Starting at the line holding "During the drive, around" and finishing at the line holding "赛后,科比在球场中心发表退役演讲与球迷们告别。", transcribe the material exactly, keeping both ends but no pictures.

> _PROVIDED MATERIAL_

###

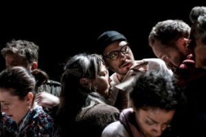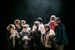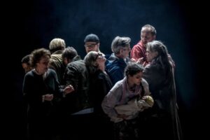 Regissören Sofia Adrian Jupither är en erfaren Norén-kännare som totalt satt upp sju pjäser av hans, nu senast Vintermusik (2017) och Episod (2019). Hennes gestaltning och återspegling av Noréns text är stram och avskalad. På scen ser vi tio individer, ibland upplysta av scenljusets sken, ibland dolda av en dov belysning som silhuetter i mörkret. Packade som sillar i en sillburk står de där. De vet inget om varför de placerats här. Bär de på skuld, har de begått brott och ska straffas därutefter eller står de alla tålmodigt i väntekön till dödens rike?
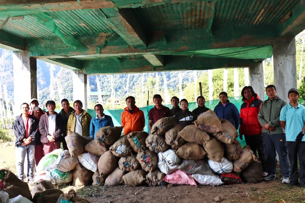 During the drive, around 42 sacks of garbage were collected from various campsites and trail sections. Fifteen ponies (pack animals) were engaged to transport the collected waste down to Yuksam for proper disposal. The waste was systematically segregated, and recyclable materials were sent to the Resource Recovery Centre at Yuksam.
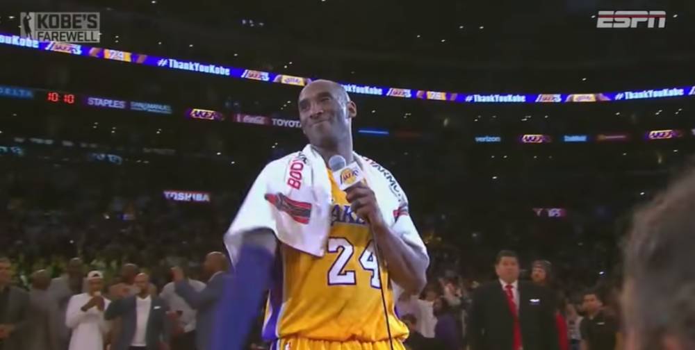 赛后,科比在球场中心发表退役演讲与球迷们告别。
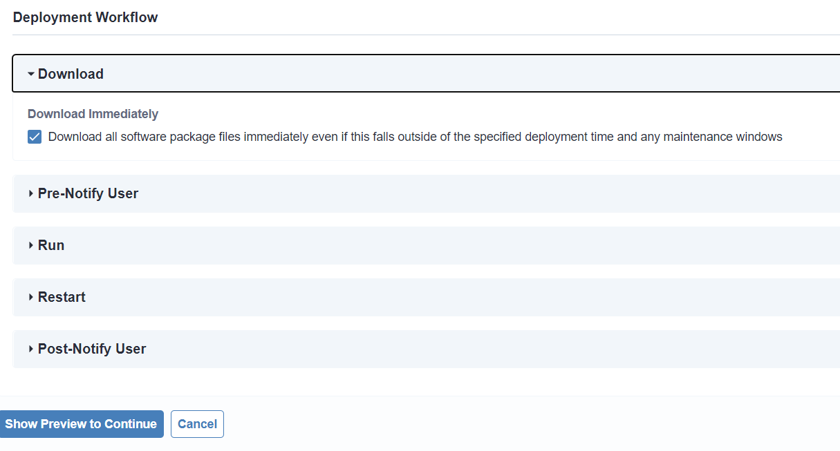 10.設定完了後、デプロイと同様「Show Preview to continue」をクリックしてソフトウェアの展開プレビューを実行します。

###

> _ANSWER SECTION_
 During the drive, around 42 sacks of garbage were collected from various campsites and trail sections. Fifteen ponies (pack animals) were engaged to transport the collected waste down to Yuksam for proper disposal. The waste was systematically segregated, and recyclable materials were sent to the Resource Recovery Centre at Yuksam.
 赛后,科比在球场中心发表退役演讲与球迷们告别。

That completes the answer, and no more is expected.